In order to do that we are going to look at the behavior of the algorithm in the sense of achieved function value, and, where possible, its actual samples distribution.
The task before the workshop on Particle Swarm Optimization
In order to fully utilize the workshop contents please prepare in the following way:
- Intall your favorite IDE on your laptop
- Prepare a Monte Carlo optimization algorithm for Rastrigin and Rosenbrock functions (see .NET code for references)
- Prepare a Grid Search optimization algorithm for Rastrigin and Rosenbrock functions
- Within the optimization code create a logger generating CSV file with columns identical to described below
- Install R 3.6.1 and RStudio 1.2.5
- Test results logged by your random and grid search optimizers within the provided R Script
- Test provided hill climbing results with the provided contour plot R Script
- Remember to set the proper location of your files within the R scripts!

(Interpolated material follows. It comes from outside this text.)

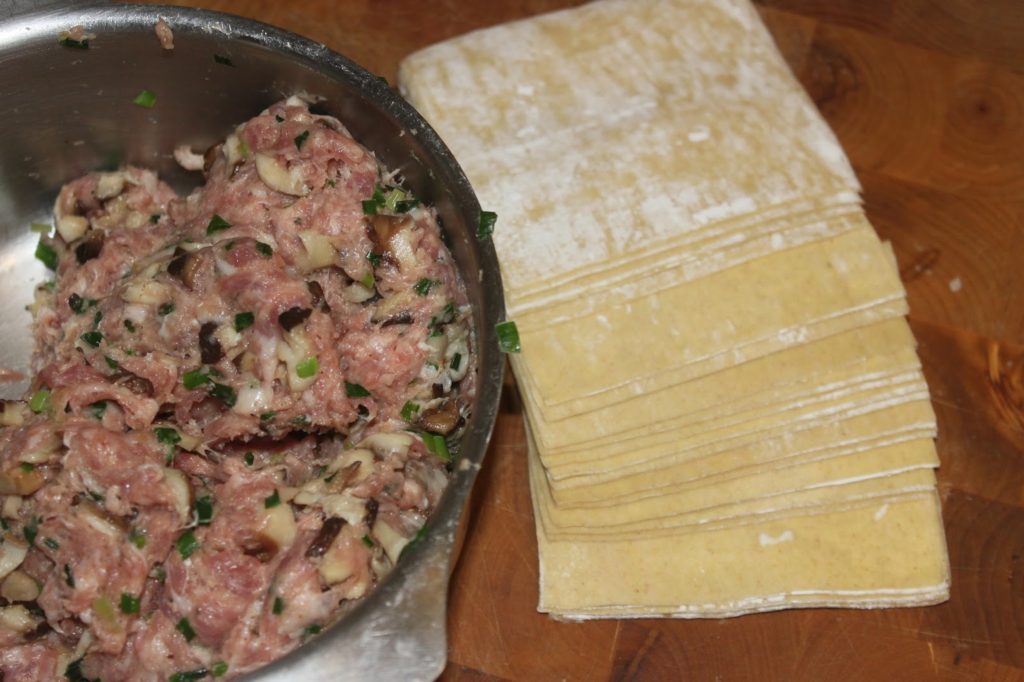 Recette pour une trentaine de raviolis (5 à 6 personnes) :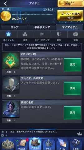クエストには王国クエスト以外に時間経過だけで達成する「英雄クエスト」、「ギルドクエスト」、「VIPクエスト」があるので、積極的にクリアしましょう。

- Bring the laptop to the workshop with you
Optimization environment preparation
In order to present algorithms convergence and sampling distribution, we are going to need some data. For this part I am going to write a naive Monte Carlo approach and a grid search in .NET Core, but feel free to use any language you prefer, as long as we will be compatible with regards to the output log format.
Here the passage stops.